The funding increase, effective for apprenticeships starting in 2013-14 and 2014-15, will see an extra 20,000 people able to enter training. The initiative is part of a wider government focus on education, especially in STEM subjects (science, technology, engineering and maths).
Britain's need for engineers
Dr David Brown, of the Institute of Chemical Engineers, welcomed the Chancellor's announcement as "another positive step in the right direction", but pointed out the importance of sustaining the effort into the future - when Britain will need skilled workers to take up engineering jobs:
"For engineering alone, it is estimated that the UK will need around 87,000 graduate level engineers per year over the next ten years," said Dr Brown. "In 2013 we only expect to produce around 50,000. In addition we have a major shortfall in the 69,000 apprenticeships needed by industry each year."
What is an apprenticeship?
Apprenticeships are a way to help young people take their first steps on a path into a successful career, receiving a wage, academic training and essential hands-on industry experience from their employer as they work.
From an employer's perspective, apprenticeships are an opportunity to train and develop a new generation of skilled workers to benefit their industry long into the future. Three levels of apprenticeship - Intermediate, Advanced and Higher - each translate to a different level of academic qualification: Higher Apprenticeships, on which the Chancellor's initiative focuses, offer the equivalent of an NVQ Level 4.
The government's funding increase will give engineering industry employers the security and confidence to take on new apprentices and meet the demand for skilled industry workers which Dr Brown says is increasing. The Chancellor's funding increase is intended to put employers "at the heart of the system", with apprentices helping to fill gaps in the workforce, bolstering their company's bottom line and even attracting other skilled employees.
For students and prospective apprentices hoping to break into the engineering industry, the funding initiative accompanies a wider effort to bring the UK's workforce back into global competition.
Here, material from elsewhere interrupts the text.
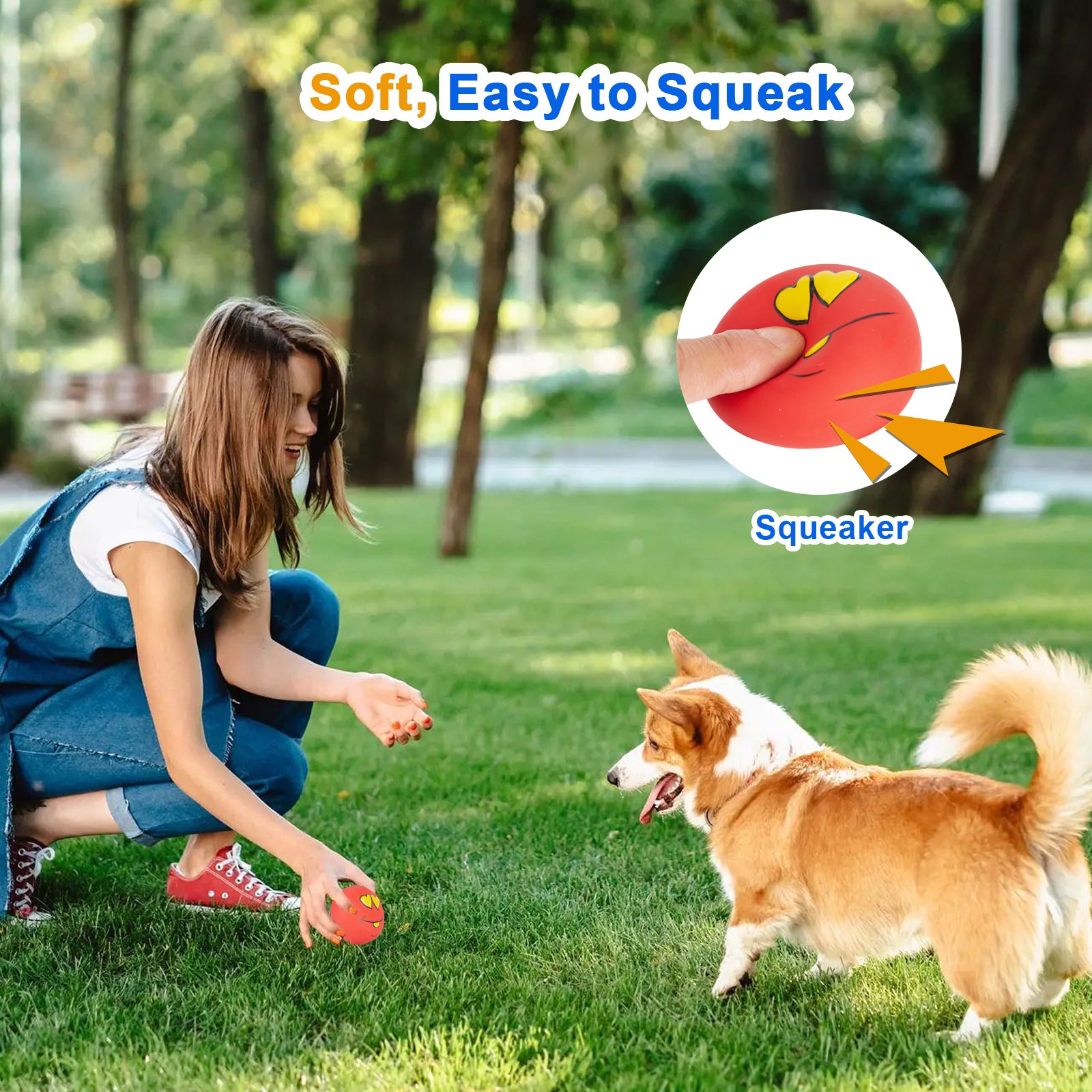- 【Squeaky Toys for Dogs】 Squeak Ball is a toy designed specifically for dogs, made of special materials that make a squeaking sound when the dog bites or grabs it. This sound is very attractive to many dogs, as they constantly bite the ball to maintain the continuity of their sound.

With this in mind, the training curriculum for engineering courses in colleges and higher education establishments is also being overhauled as a way of helping students compete with overseas institutions.
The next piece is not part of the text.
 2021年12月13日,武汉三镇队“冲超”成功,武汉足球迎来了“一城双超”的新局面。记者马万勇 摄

The Chancellor's overall message is positive and marks what could be an exciting period for Britain's engineers and engineering industry - with young people becoming inspired to take roles in anything from aeronautics and automotives, to the textile, food, and furniture industries.
"Young people need to be inspired and aspire to become world-class engineers," Dr Brown said, urging the government not to become complacent in its support for STEM disciplines. "This cannot be achieved without sponsorship, placements and engagement with young people and the education sector."